- From: Frank Ellermann <nobody@xyzzy.claranet.de>
- Date: Mon, 21 May 2007 22:47:56 +0200
- To: www-validator@w3.org
Dana C. Chandler III wrote: > Is there a definitive list of Character sets that have ASCII > as a subset? If you find one please post its URL. You could construct it by installing ICU, and then check where all ASCII characters are mapped to the same ASCII characters, and nothing else is mapped to ASCII characters. It also depends on your definition, UTF-16 and UTF-32 don't have ASCII as subset if you talk about octets (8bits). UTF-7 and UTF-1 also don't qualify.

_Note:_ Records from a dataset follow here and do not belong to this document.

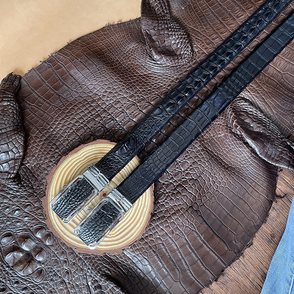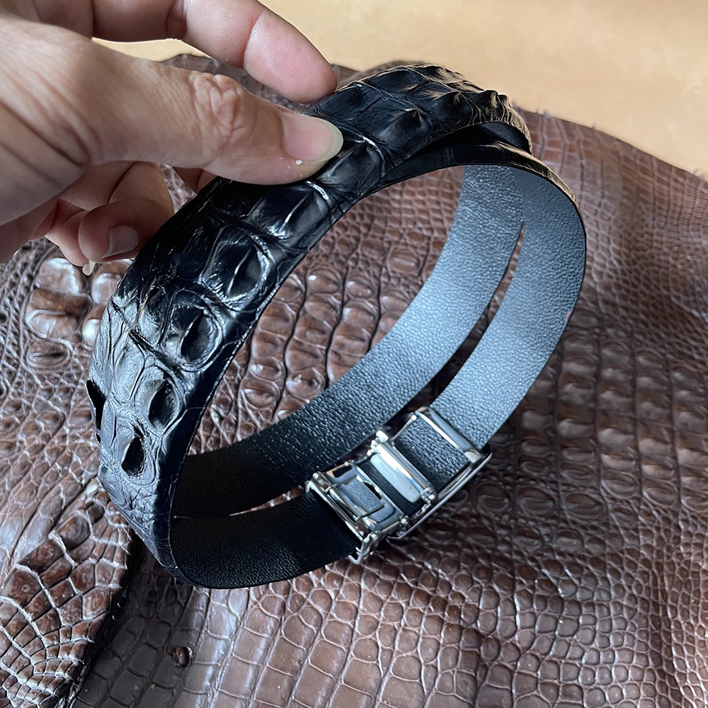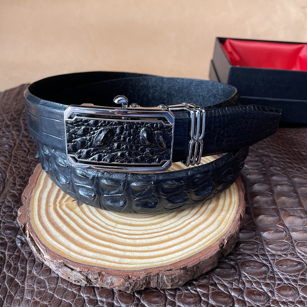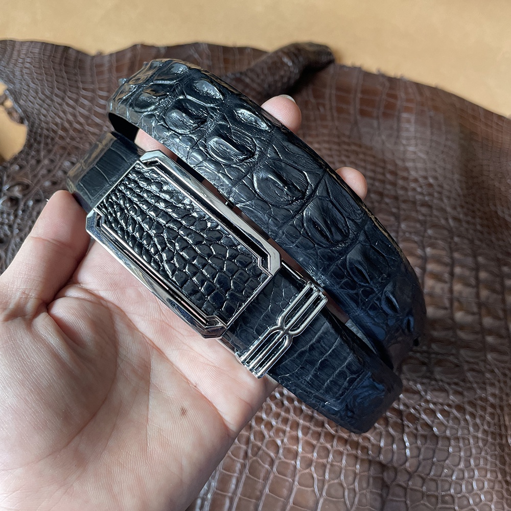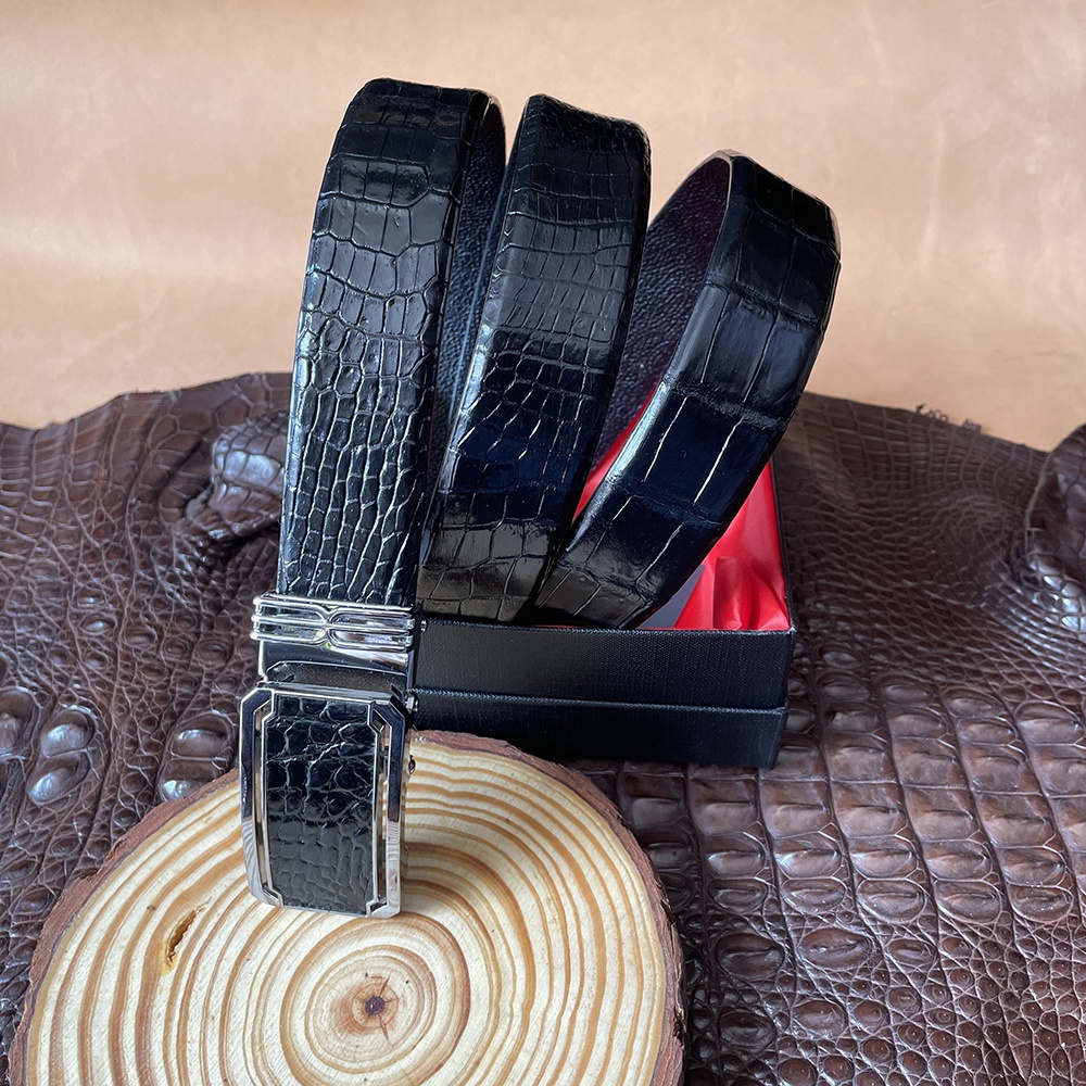 Thắt Lưng Nam Da Cá Sấu Thật 100% ST344 Bản Rộng 3.4cm Màu Đen Da Gai Lưng Và Da Trơn Cá Sấu Full Hộp Bh 24 Tháng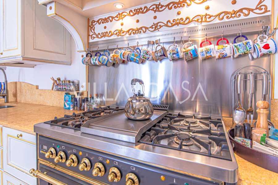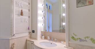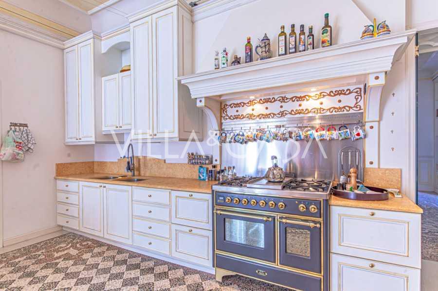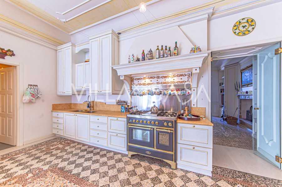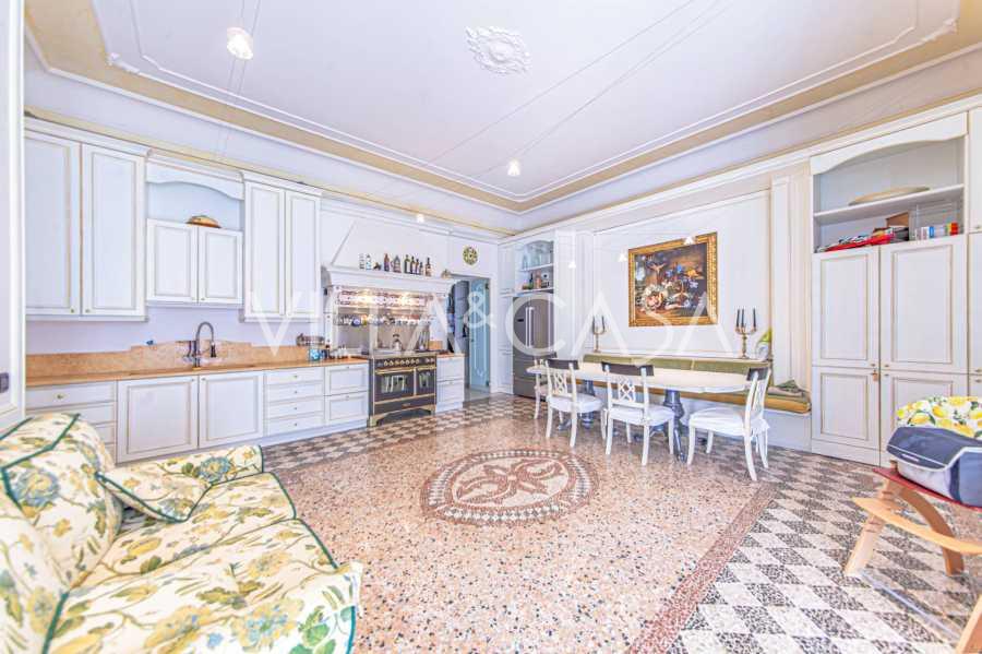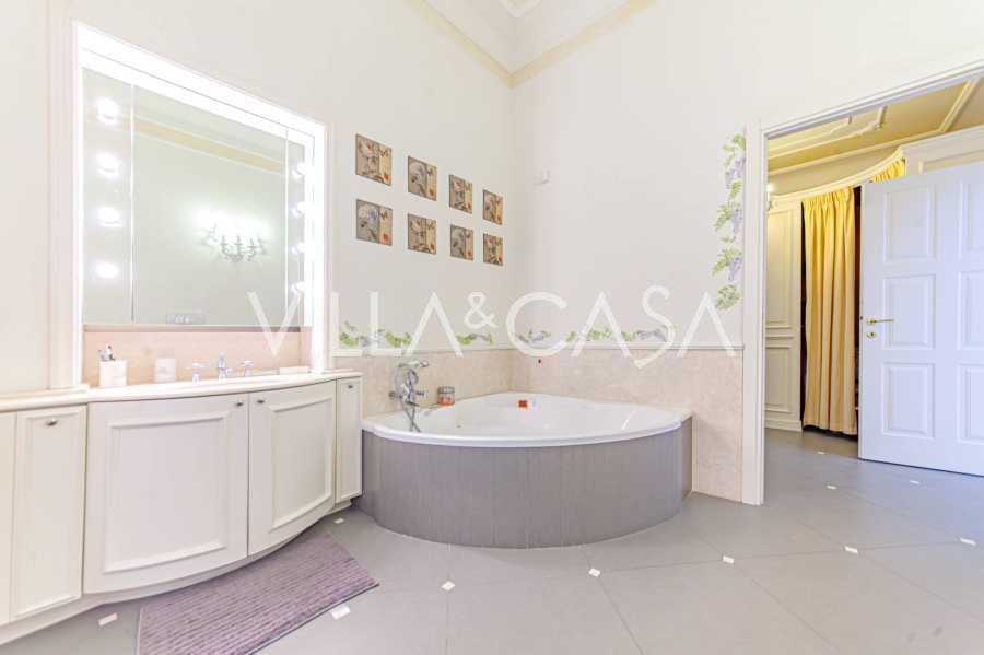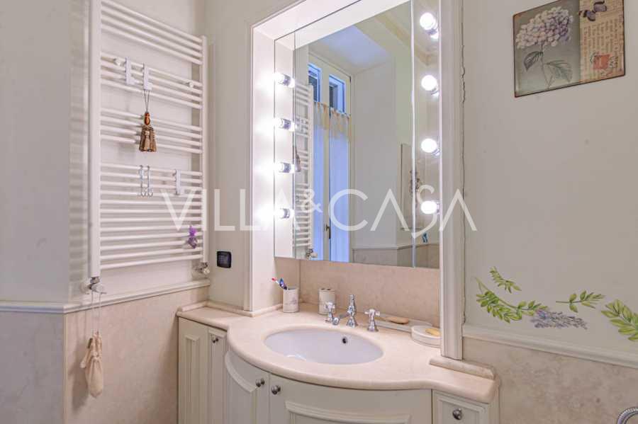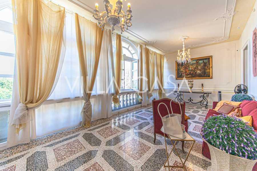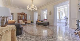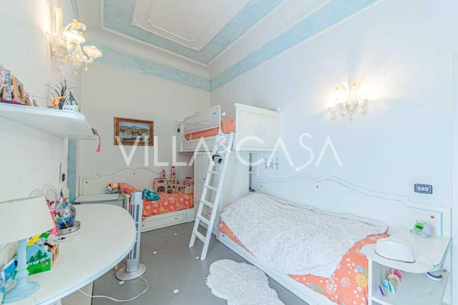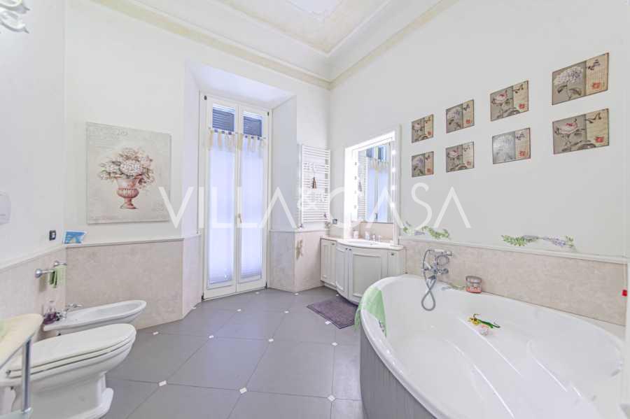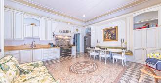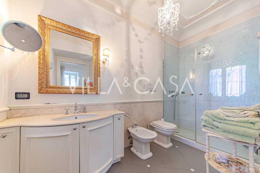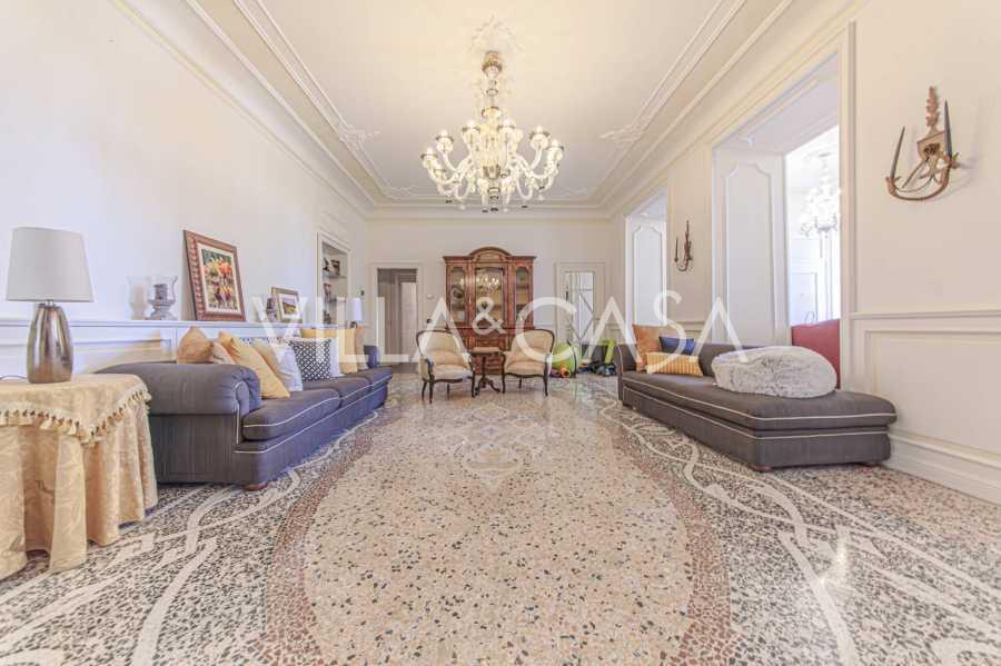 Los apartamentos, con una superficie de más de 270 m², se encuentran en la planta baja y son accesibles a través de una histórica escalera principal con frescos y columnas de granito rosa de Baveno. El amplio diseño incluye un majestuoso recibidor de mármol con vistas panorámicas al lago, un lujoso salón con chimenea y molduras, una cocina con zona de comedor, un aseo de invitados, un elegante baño, un dormitorio de invitados, una habitación infantil con vestidor, así como un dormitorio principal con baño privado.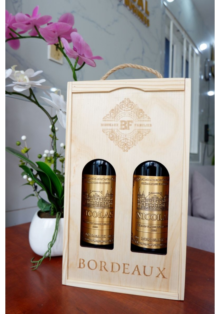 Phần quà tặng cao cấp 2 chai vang Pháp Nicolas gồm: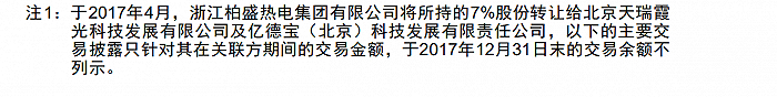界面新闻记者在《17联合农商行二级01债券2017年度报告》找到的一处注释中发现,两家SPV天瑞霞光、亿德宝受让杭州联合银行合计7%股权的交易日期同样是2017年4月,即在基金向合伙企业放款后,徐茂栋控制的两家SPV才拿到标的股权。从时间衔接推测,徐茂栋用从恒天财富募集的资金完成了这笔交易。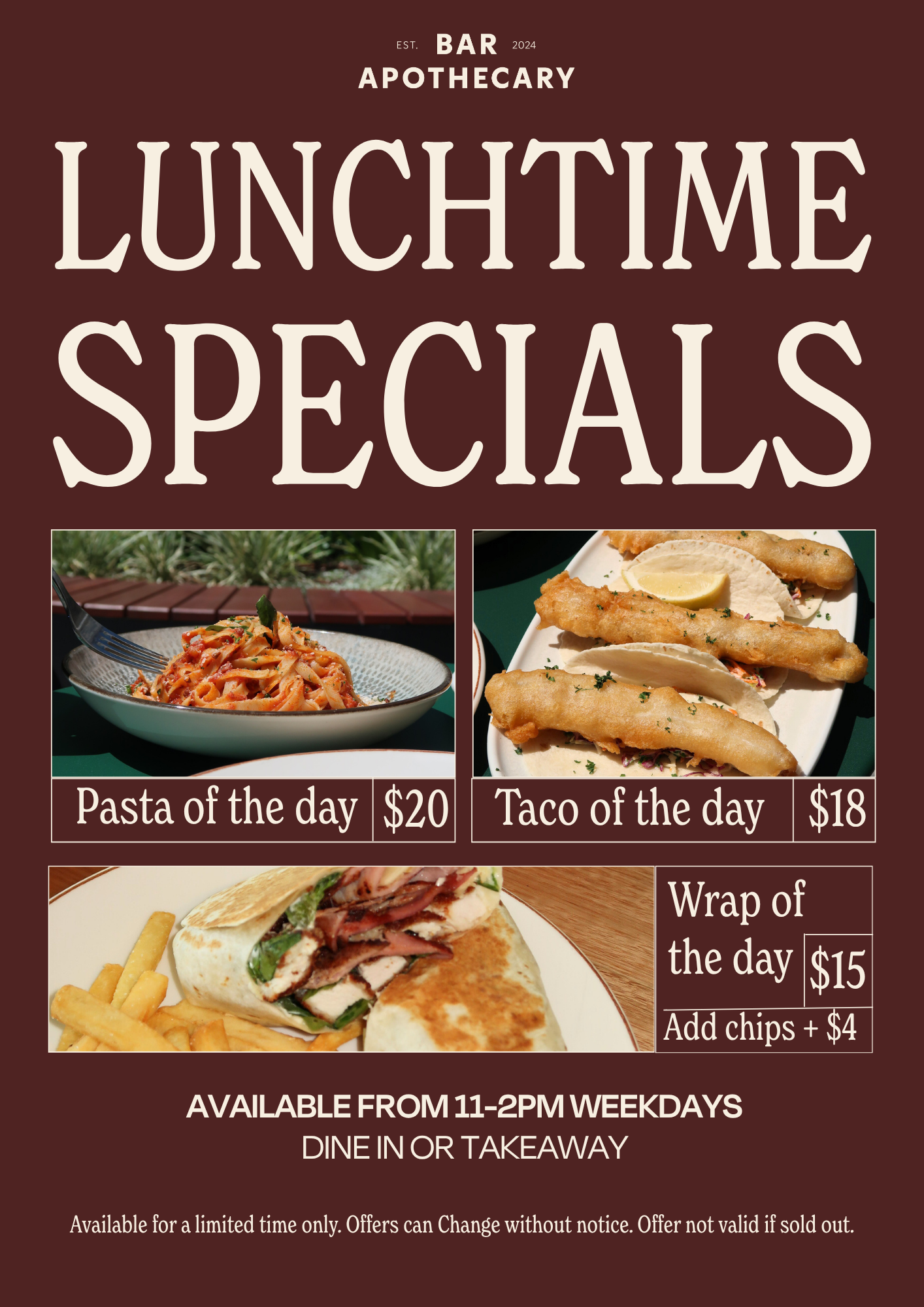 Available between available from 11-2PM weekdays. Dine in or Takeaway available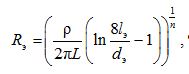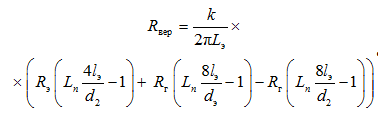 Запишем уравнения для вертикального электролитического заземлителя [8]:
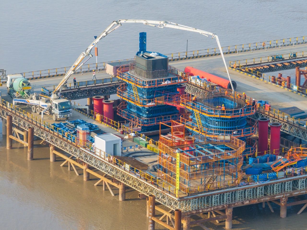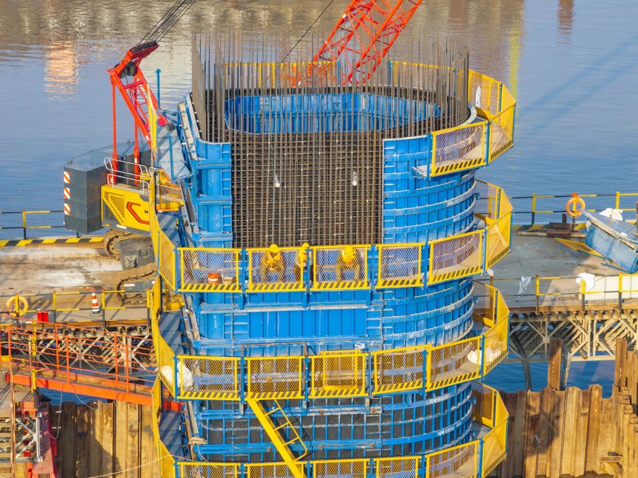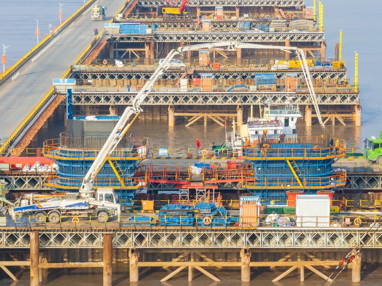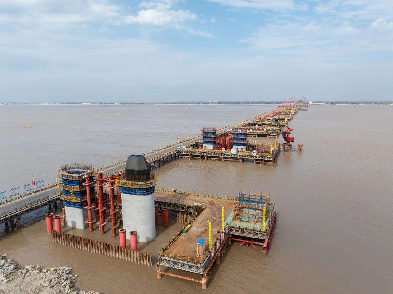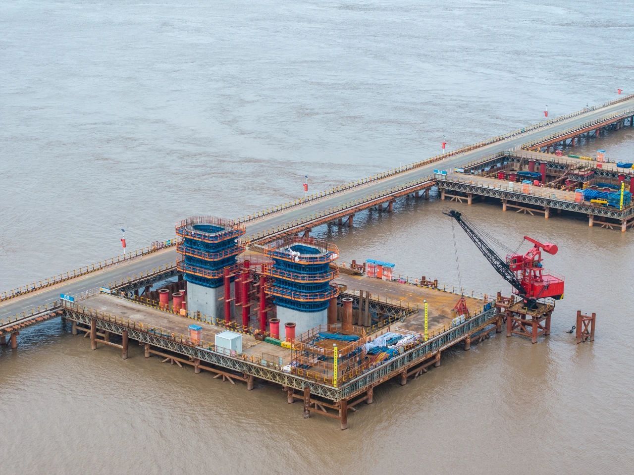 由中铁大桥局承建的世界在建最大跨度双塔双索面公铁两用无砟轨道斜拉桥——崇启公铁长江大桥正在火热建设中。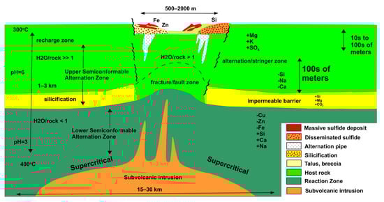 - Gibson, H.L.; Franklin, J.M.; Gibson, H.L.; Jonasson, I.R.; Galley, A.G. Volcanogenic Massive Sulfide Deposits. In Economic Geology 100th Anniversary Volume; Society of Economic Geologists: Littleton, CO, USA, 2005. [Google Scholar]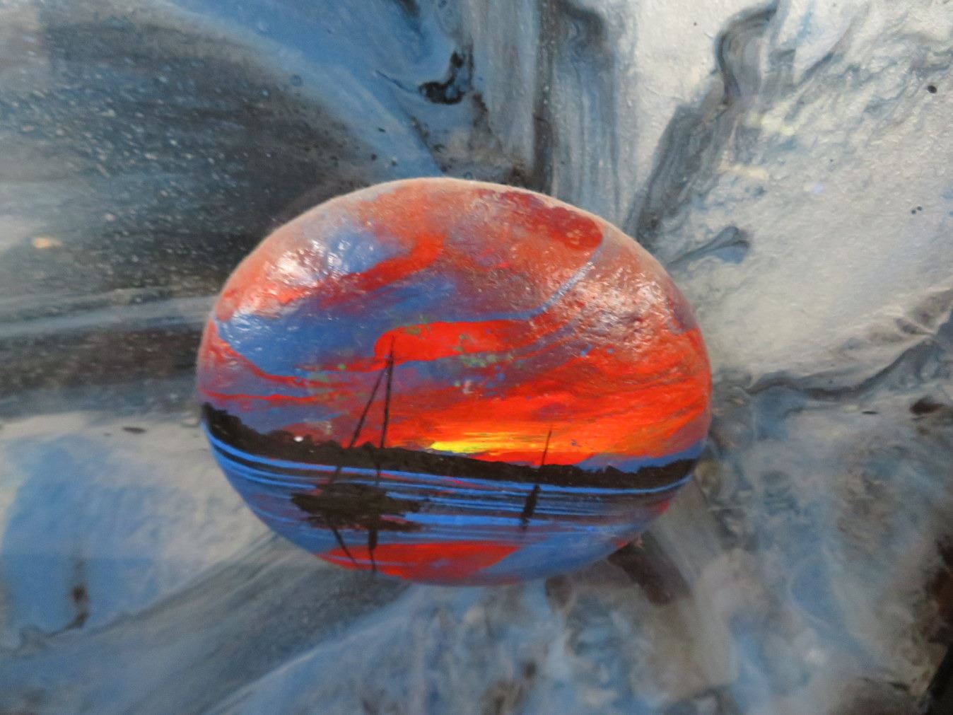 Framed Seascape on Rock Signed Howard - 20 x 20

You'd have to watch all these charsets with code-switching (SCSU etc.), if they have states where an ASCII octet doesn't stand for the ASCII character. Some IBM codepages rotate SUB - DEL - FS, arguably that's not more ASCII. IIRC an Adobe charset also had an oddity in the range 0x00 up to 0x7F. The simple cases are UTF-8, Latin-1 (plus some other Latin-*), windows-1252 (plus some other windows-*), codepage 437, 850, 858 (plus a few others, ignoring the IBM rotation), and likely some Mac charsets (not registered, better ignore unregistered charsets, they're hopeless, moving targets). After that it starts to get interesting... Frank
Received on Monday, 21 May 2007 20:50:50 UTC